Once I pulled myself out of my pity-food-coma, I started making decisions. Somewhere around that time I started making a list, because I was having trouble keeping track of all the things I had to do. It's a long, scary list right now.

Anyway, here are some of the things I figured out:
  • First thing? Change my website provider because it was bleeding me dry (I was using Big Cartel, to have both a site and a store.) That's caused a huge surge of work for me to create a new site (and I'm still working), but I also decided to make Etsy my main store, and just have a basic site up otherwise. 
  • On that front, I am dividing my work into THREE Etsy stores (cue the migraine) and I'm working on fixing those up...
  • I'm dropping my random fantasy artwork, and focusing back specifically on fairy tales. That was my original intent, and I just got lost. 
  • I'm also revisiting my surreal and abstract work, because I never should have dropped it to begin with, and Thrice Magazine shouldn't be the only reason I'm doing it. I got lazy and waited for the magazine art editor to give me a shove to do something. (I'm still doing stuff for Thrice, but now I'll be creating other pieces too.)
  • I'm keeping my Whimsical Misfits, because I really like where I was going with that, they're fun, and by my normal long-painting standards, they're fast. They still take at least a day, but that's fast for me!
  • I'm killing a side business I spent a lot of time setting up. A LOT. It's an LLC and everything, so it's going to take time to dissolve the LLC and shut bank accounts down, and so on. It was a really super idea, but it would mean I'd be all business and I don't think I could be successful and still paint. I'd rather be a successful artist than a successful business person (that only sells art, rather than making it.) So, I guess I figured out what my definition of success is.
I think part of figuring out a person's direction in life - anyone's life - IS in deciding what success means to you. If I was just after money or my name on a fancy plaque, well, there are a lot of paths to that. I have my degree in Business Administration as well as fine art. I could have stayed in the corporate world and worked that path and been successful... but it's not MY path, or at least it's not the one that would make me happy.
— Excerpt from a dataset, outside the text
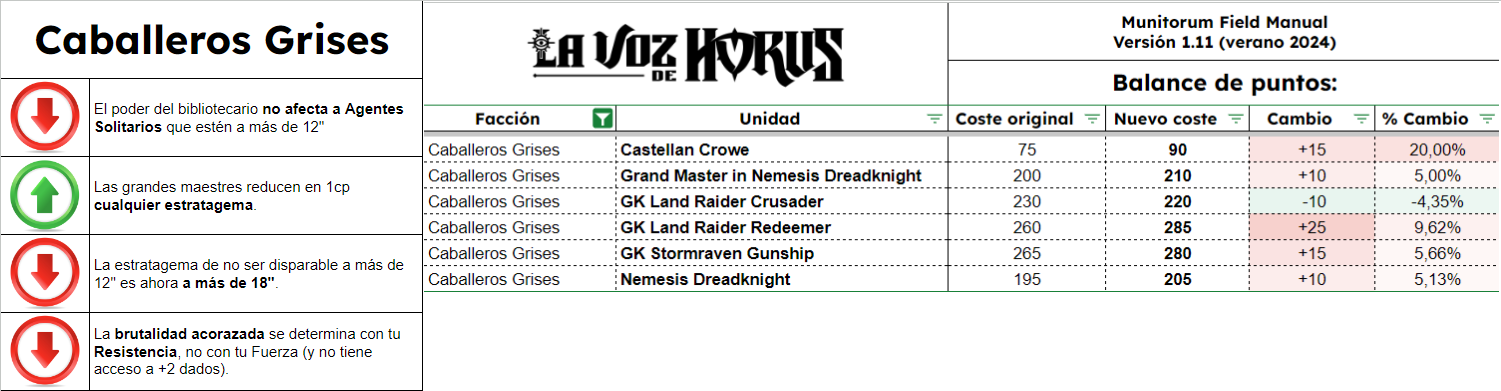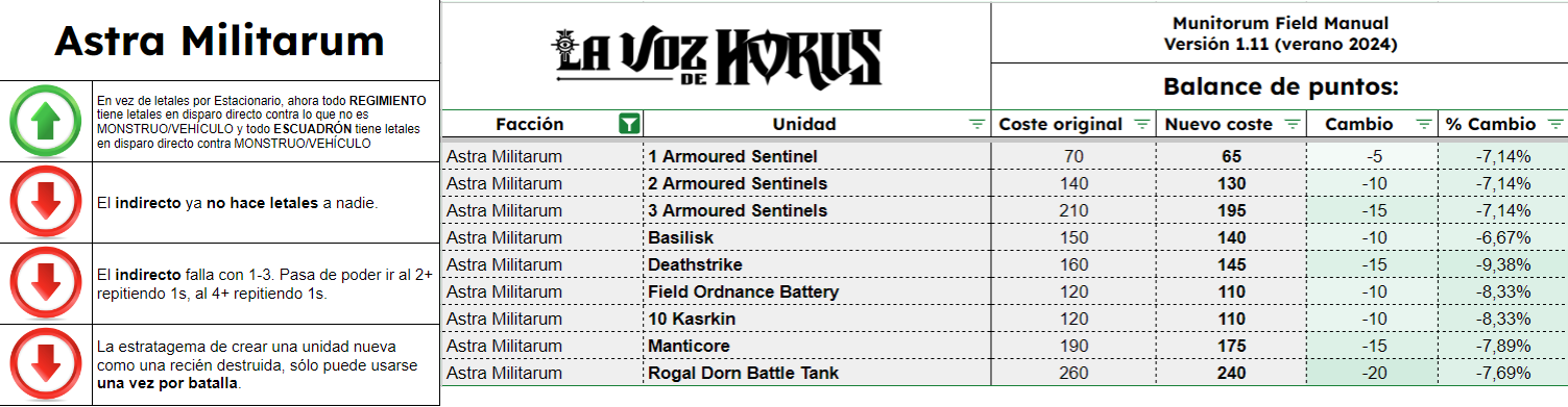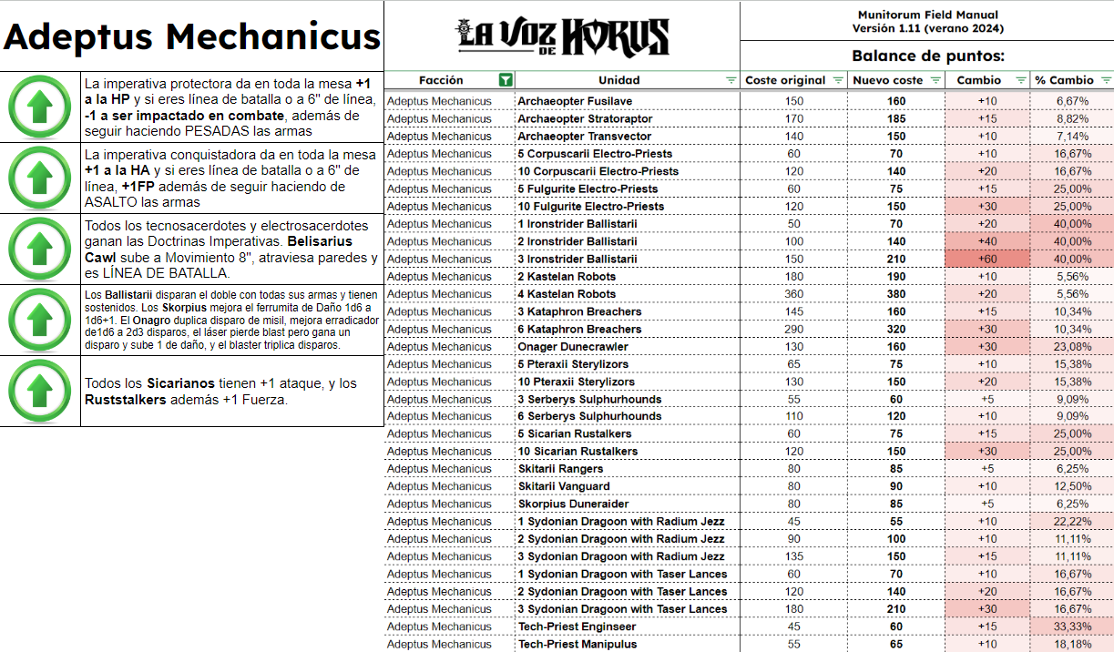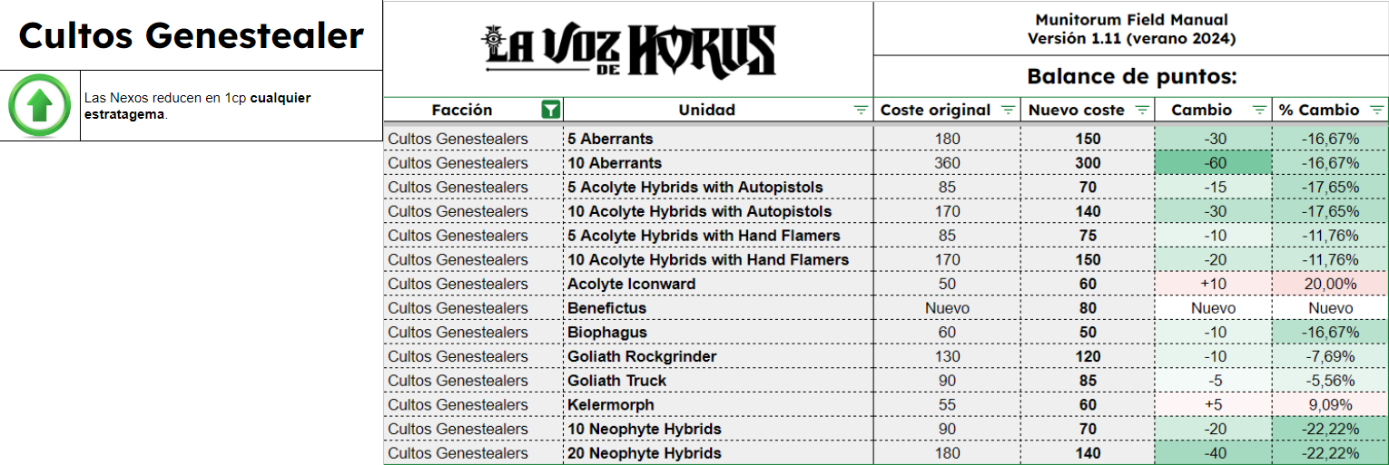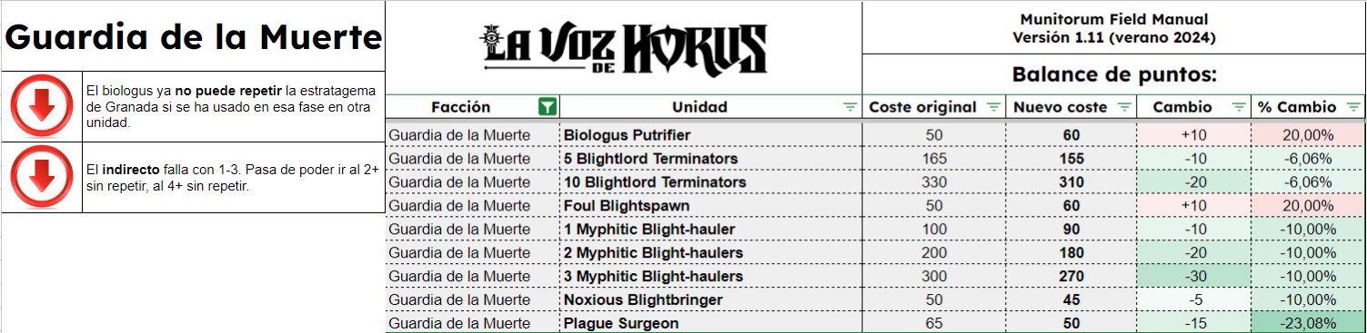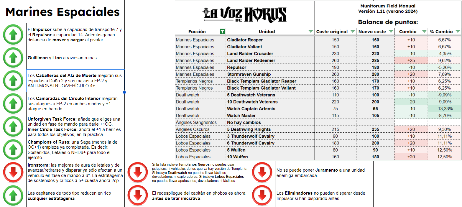 El Manual De Campo Munitorum 1.11 es el documento que define el coste en puntos de cada unidad de Warhammer 40k. Junto a él está el ajuste de equilibrio o balance del juego, el documento de FAQ y el Companion para que los organizadores de torneos puedan usar Nexo Pariah. Os contamos qué cambia y cuánto, en completo detalle, aquí en La Voz de Horus.

Even though some of these decisions have been hard, or even a little bit humiliating (shutting down the LLC is hard because I told so many people about it, and it was going to be great. Now, I'm killing it before it even launched so I can go back and paint again. Some people think I'm absolutely brain damaged at this point because of my choice) I realize that when stuff is all muddled up and wrong, EVERYTHING is wrong. It all gets messed up. 

Seriously, my moving life has been driving me insane, but I realized I messed things up for myself long before that. It started in my studio, I went off the path I had set for myself that I knew made me happy... and I made myself unhappy. That threw me into a ditch with my health (or you could say I jumped into the ditch), and that helped make me pretty miserable over all.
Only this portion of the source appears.